▸ Dataset entries
══════════
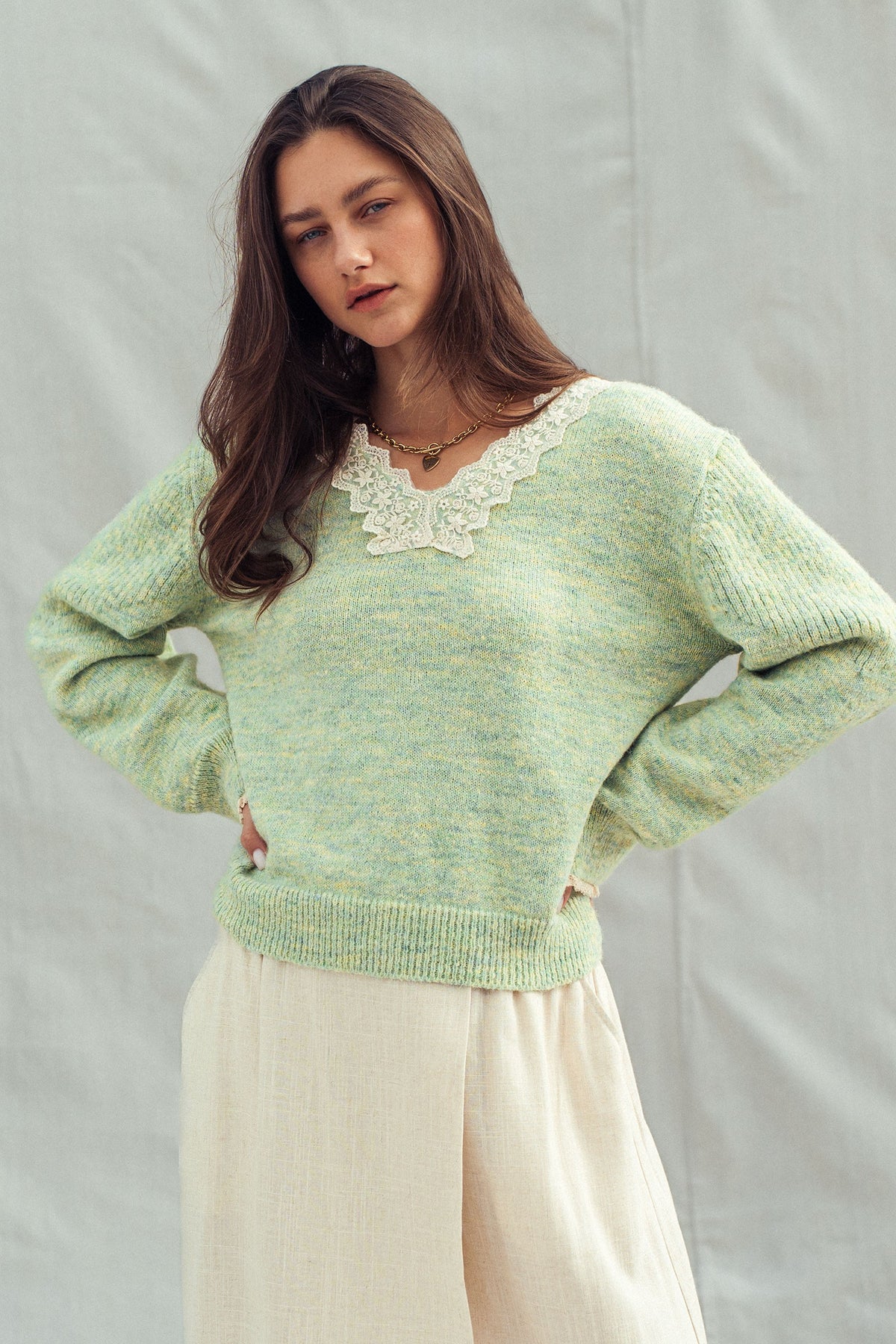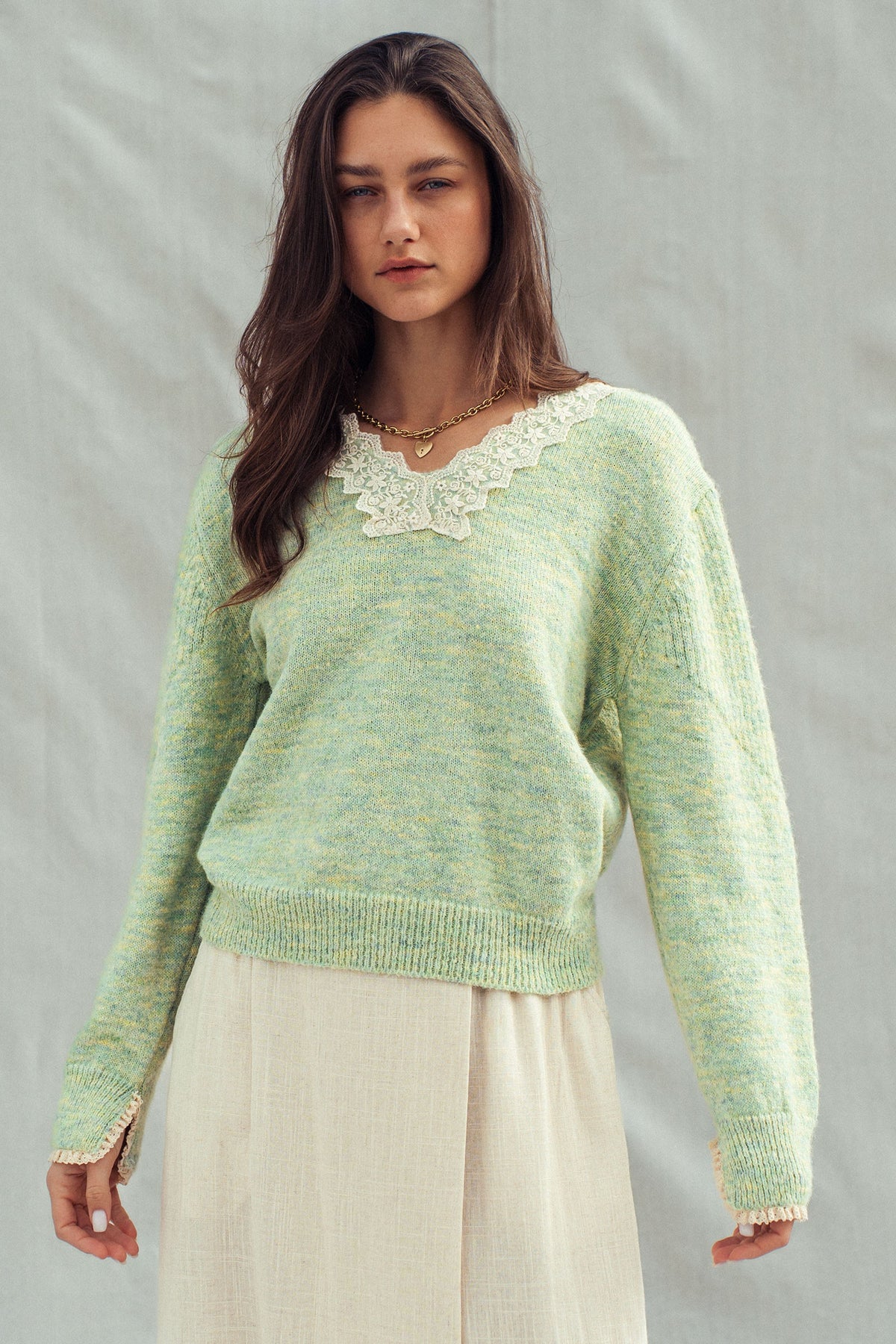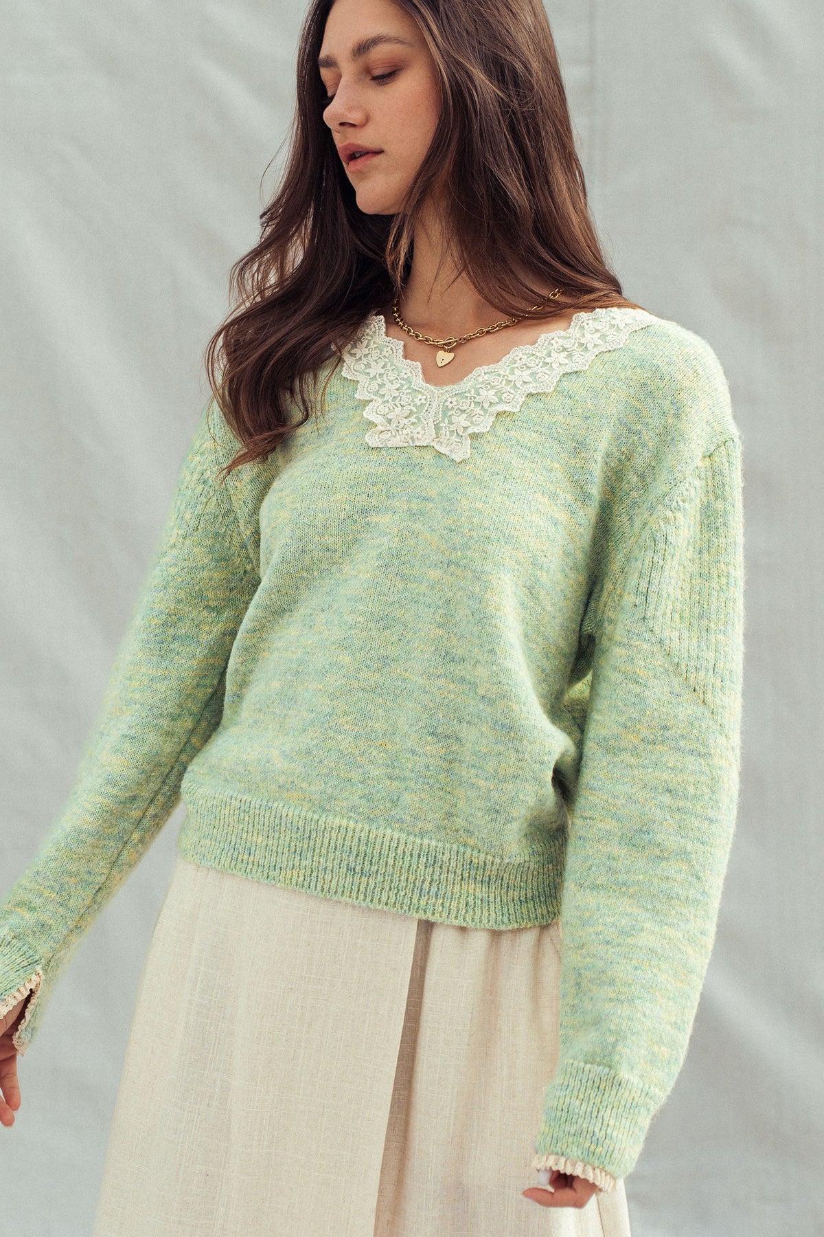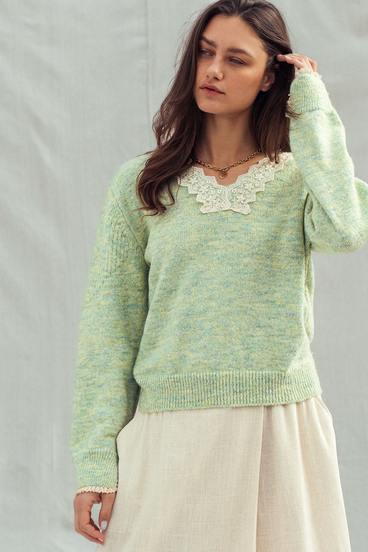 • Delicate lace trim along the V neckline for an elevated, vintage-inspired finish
══════════
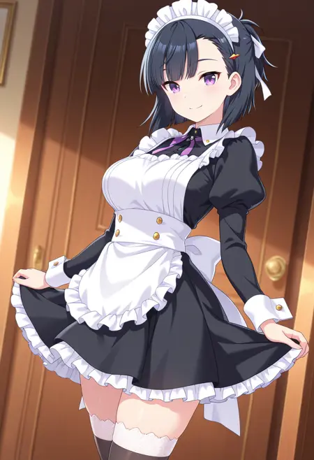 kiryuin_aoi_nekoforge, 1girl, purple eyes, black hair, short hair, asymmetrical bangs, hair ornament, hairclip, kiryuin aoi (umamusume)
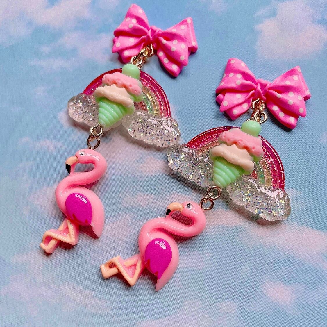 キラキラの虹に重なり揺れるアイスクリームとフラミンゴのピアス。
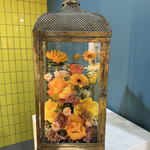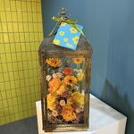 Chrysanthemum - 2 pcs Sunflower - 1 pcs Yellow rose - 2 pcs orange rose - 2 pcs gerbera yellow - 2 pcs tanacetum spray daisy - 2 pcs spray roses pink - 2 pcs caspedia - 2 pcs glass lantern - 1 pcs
══════════
▸ Exercise objective
Could the stretch from the line with "kiryuin_aoi_nekoforge, 1girl, purple" through the line with "Chrysanthemum - 2" in the listing above be restated word for word, minus the pictures?

▸ Result below
 kiryuin_aoi_nekoforge, 1girl, purple eyes, black hair, short hair, asymmetrical bangs, hair ornament, hairclip, kiryuin aoi (umamusume)
 キラキラの虹に重なり揺れるアイスクリームとフラミンゴのピアス。
 Chrysanthemum - 2 pcs Sunflower - 1 pcs Yellow rose - 2 pcs orange rose - 2 pcs gerbera yellow - 2 pcs tanacetum spray daisy - 2 pcs spray roses pink - 2 pcs caspedia - 2 pcs glass lantern - 1 pcs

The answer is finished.